■ EXERCISE INPUT:
○ ○ ○ ○
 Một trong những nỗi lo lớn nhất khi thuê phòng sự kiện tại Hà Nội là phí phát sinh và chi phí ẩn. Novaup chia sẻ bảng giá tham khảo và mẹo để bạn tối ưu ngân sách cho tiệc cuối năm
○ ○ ○ ○
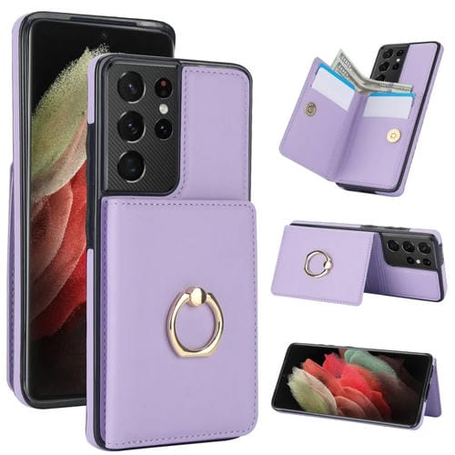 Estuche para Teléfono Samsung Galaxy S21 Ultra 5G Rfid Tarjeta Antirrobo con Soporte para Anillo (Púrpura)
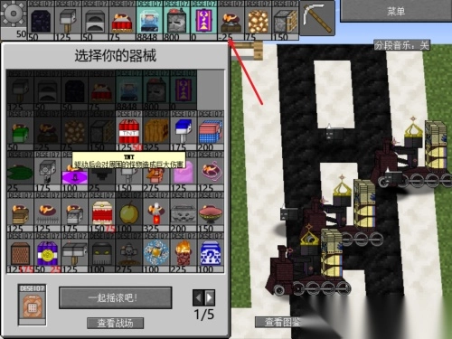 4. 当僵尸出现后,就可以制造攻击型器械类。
○ ○ ○ ○
Copy out exactly the lines above beginning with the line that contains "Estuche para Teléfono" and finishing with the line that contains "4. 当僵尸出现后,就可以制造攻击型器械类。", including both; leave the pictures out.

 Estuche para Teléfono Samsung Galaxy S21 Ultra 5G Rfid Tarjeta Antirrobo con Soporte para Anillo (Púrpura)
 4. 当僵尸出现后,就可以制造攻击型器械类。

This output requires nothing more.